On the inflation front, an array of emerging markets central banks raised interest rates, and some experts believe that the worst of that tightening is priced into stocks in developing economies. Additionally, EDOG offers some buffer when it comes to inflation by way of dividend growth, as payouts in emerging markets are poised to trend higher this year.
“However, these problems are not new. Markets have now priced in a rising inflation backdrop with interest rate increases from leading central banks,” adds BNP Paribas. “The sell-off in 2021 drove down EM equity valuations as well as some currencies and depressed local debt markets. Even hard currency assets were not spared. Arguably, EM assets are now priced attractively.”
Another potential catalyst for EDOG in 2022 — along with attractive valuations and dividends — is that after several years of disappointing returns in emerging markets, money managers are under-allocated to the group. This suggests that if these stocks get their respective acts together, professional money could flow back to the asset class.

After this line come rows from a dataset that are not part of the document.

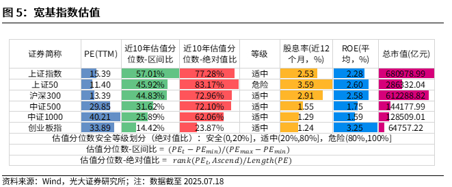 截至2025年7月18日,宽基指数来看,上证50处于估值分位数“危险”等级,其余各大宽基指数处于估值分位数“适中”等级。
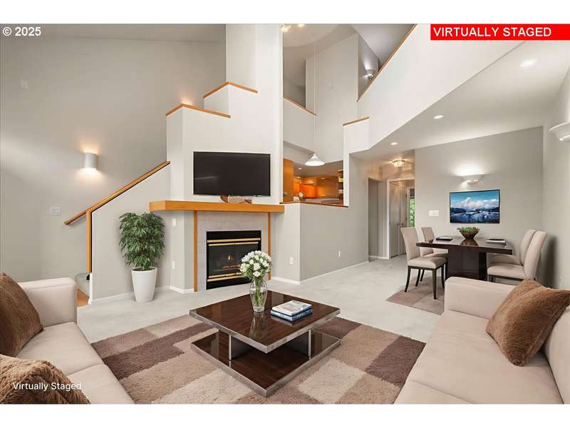 This unique and exceptional 2 story condo offers the perfect blend of privacy, functionality & modern living within a gated community! Designed for main-level living, the spacious primary bedroom features a large walk-in closet and a sliding door that opens to the private back deck, creating a peaceful retreat. The open concept living room and dining area boast a cozy gas fireplace ideal for relaxing and entertaining. Upper level includes a lofted space that overlooks the living room, offering additional versatility along with a second bedroom and bathroom that is perfect for guests! Adding to the home's practicality, the condo includes a detached garage with pull-down stairs leading to a large attic storage area, maximizing space for seasonal items or extra belongings. New Roof and Skylights June 2025, Newer Hardi Plank Siding. Located in a prime area that is minutes from Vancouver Mall, restaurants, public transportation, freeways, PDX and the vibrant Downtown Waterfront, ensuring easy access! A rare find with a thoughtful layout, this condo is truly a must see!
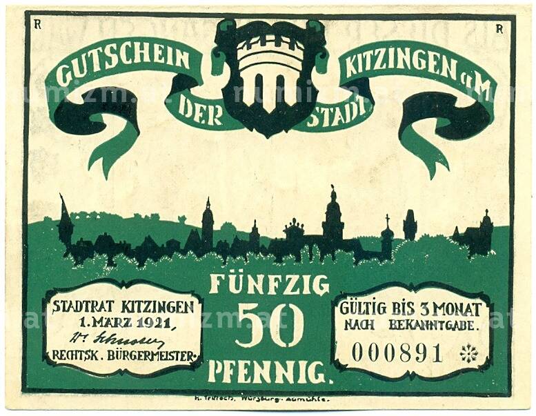 Банкнота 50 пфеннигов 1921 года Германия — город Китцинген (Нотгельд) (Артикул: K12-41755): подробные характеристики, качественные фотографии в высоком разрешении, низкая цена.
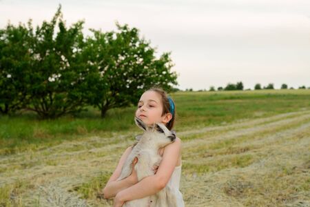 girl with baby goat on farm outdoors. Love and care. Village animals. happy child hugs goat, concept of unity of nature and man. Friendship of child and animals. Happy childhood. Girl and goat

“In addition, there is cash waiting on the sidelines. Investors have been reducing their EM exposure materially for quite some time, resulting in sharply higher cash holdings by many institutional investors,” concludes BNP Paribas.
Other emerging markets dividend ETFs include the ProShares MSCI Emerging Markets Dividend Growers ETF (EMDV ), the iShares Emerging Markets Dividend ETF (DVYE ), and the WisdomTree Emerging Markets Equity Income Fund (DEM ).